Daily Archives: September 16, 2013

Where Do the Savings Lie?

Inflationary times are back, economic growth is slow, the job-situation hasn’t improved much, employers would rather keep a job vacant nine years waiting for the perfect candidate over spending even a single dollar on training, and CFOs are being told to put pressure on Procurement to cut costs to the bone. In other words, despite all the talk in recent years about training, innovation, and value-generation, it’s still business as usual at review time.

You’ve beat your suppliers senseless, kept overhead to a minimum (not by choice, you weren’t allowed to replace people lost to attrition), done some automation and strategic sourcing, and put as much effort as you could into high-cost categories. As far as you’re concerned, you’ve squeezed all the blood out of the stone and there’s nothing left. And if you are a sourcing leader, that might be true for the categories you’ve been focussing on for 6 to 9 years and that you’ve strategically sourced 3 times in a row.
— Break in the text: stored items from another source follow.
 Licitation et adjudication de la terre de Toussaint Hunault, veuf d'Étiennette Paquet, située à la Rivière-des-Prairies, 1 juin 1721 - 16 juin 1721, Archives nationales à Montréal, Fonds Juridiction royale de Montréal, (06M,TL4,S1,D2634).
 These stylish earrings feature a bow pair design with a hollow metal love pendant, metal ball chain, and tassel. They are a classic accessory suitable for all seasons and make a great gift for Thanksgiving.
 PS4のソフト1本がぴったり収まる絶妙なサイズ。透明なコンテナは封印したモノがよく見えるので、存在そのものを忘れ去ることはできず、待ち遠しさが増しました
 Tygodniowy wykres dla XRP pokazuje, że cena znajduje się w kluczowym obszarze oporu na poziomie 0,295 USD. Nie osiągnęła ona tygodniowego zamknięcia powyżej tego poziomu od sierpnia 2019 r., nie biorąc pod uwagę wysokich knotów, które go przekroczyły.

But is this all the savings to be had? Not by a long shot.

The first thing to remember is that costs fall into two categories: recurring and one-time. Recurring costs include human resources (employees and mid to long term contractors); raw material, component, and production costs; overhead; COGS (cost of goods sold), transportation, and insurance. If your organization is a leader in Procurement and Supply Management and seen as a value generator, then, in addition to reducing raw-material, component, and production costs, it works with operations to keep overheads and insurance costs low, works with logistics to keep transportation costs low, works with Sales & Marketing to keep COGS low using its expertise, and even works with HR to get contractors at competitive rates. (In other words, it’s directly or indirectly reducing every cost except salary, which it has no control over.)
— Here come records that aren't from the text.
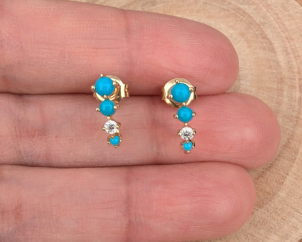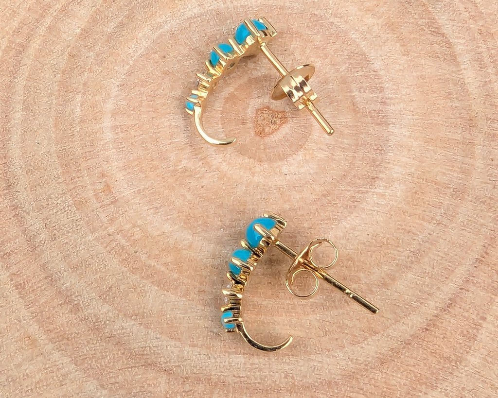 14k Solid Yellow Gold with Natural Turqouise and diamonds.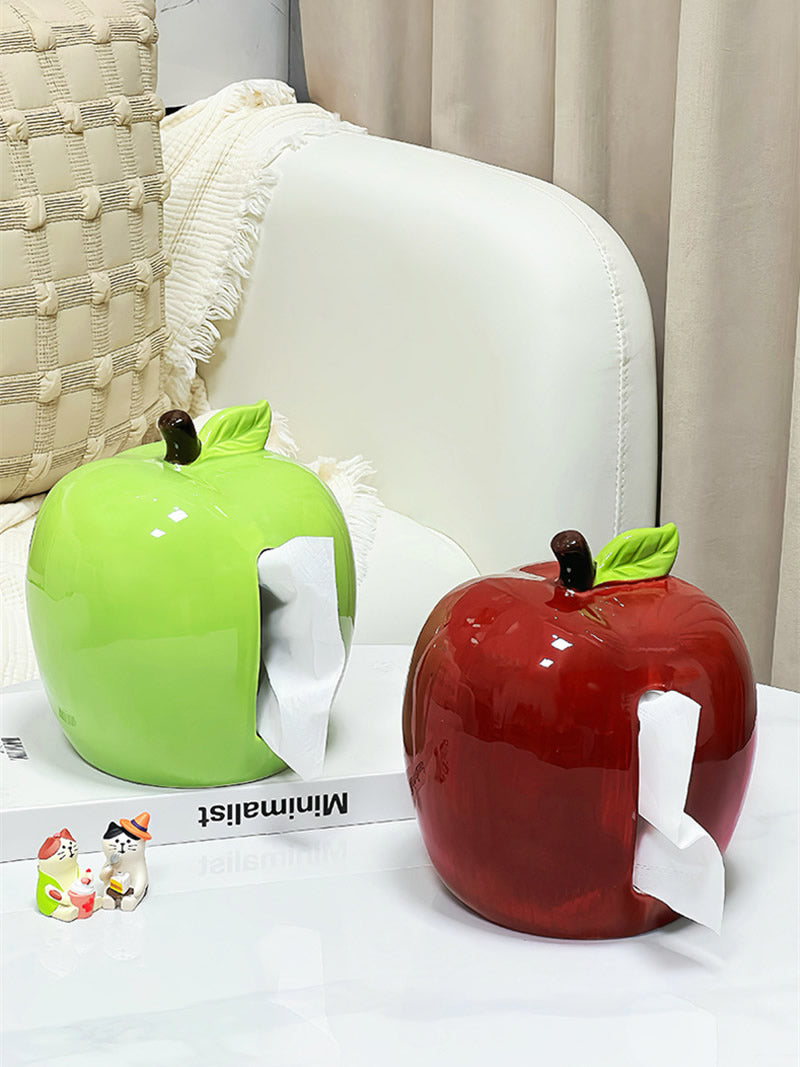 Apple Ceramic Tissue Box Holder - Cute Fruit-Shaped Dispenser for Home & Office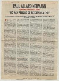 Raúl Allard Neumann subsecretario de educación "No hay peligro de reeditar la ENU" [entrevista] [artículo] : Eliana Jiménez de la Jara.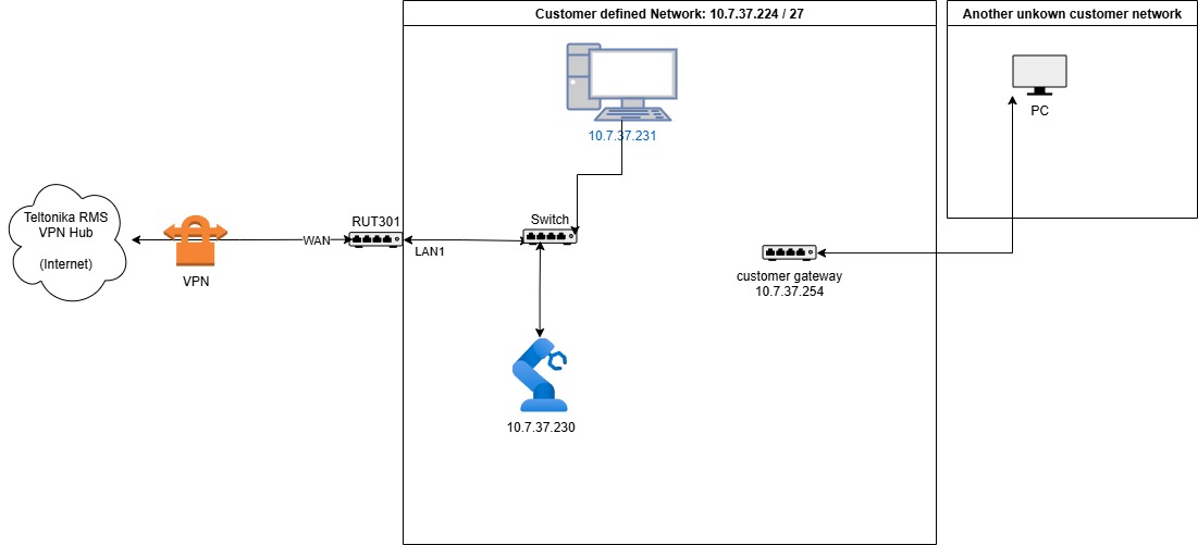 We have a customer that wants our robot to be part of his exsiting machine-LAN. We shall also provide remote support. In terms of my networking knowledge, I told him that he needs to set up a static route on his gateway for our VPN traffic. However, he seems reluctant to do so. VPN traffic breaks as soon as we set the gateway to 10.7.37.254.

One-time costs include expedited shipping, temporary/contingent labour (to address seasonal spikes, such as the surge in demand many retailers get around Christmas time), switching costs (when switching suppliers or raw materials), and one-time costs associated with recalls, settlements, and stock-outs (on the shelves and in the factory). Most Supply Management departments work with logistics to optimize and keep transportation in check to minimize shipping costs, work with HR to make sure temporary/contingent labour is sourced appropriately, and take switching costs into account when evaluating sources of supply, and this is a good start, but these one-time costs pale in comparison to the cost of a recall, settlement, or stock-out. Recalling a contaminated or unsafe product that makes it to the shelves can easily cost in the tens of millions of dollars, a settlement that results from a class action lawsuit can cost in the hundreds of millions (especially when legal costs are factored in), and a supply chain disruption that results in the assembly line for the key, or only, product line being shut down for months can bankrupt a company (and a number of companies have gone bankrupt as a result of serious disruptions in production). How much is your Supply Management organization doing to prevent these very costly incidents, which can wipe out years of savings, from happening? Remember, Supply Management has, or should have, the supplier relationship and be doing its utmost to insure quality (preventing recalls or lawsuits), supply management has (or should have) the visibility to detect shortages or stock-outs well before they happen (and is the only organization in the position to take action and locate another source of supply in time), and only Supply Management has (or should have) the cross-functional capability to address these issues.

So, do you know where the savings lie?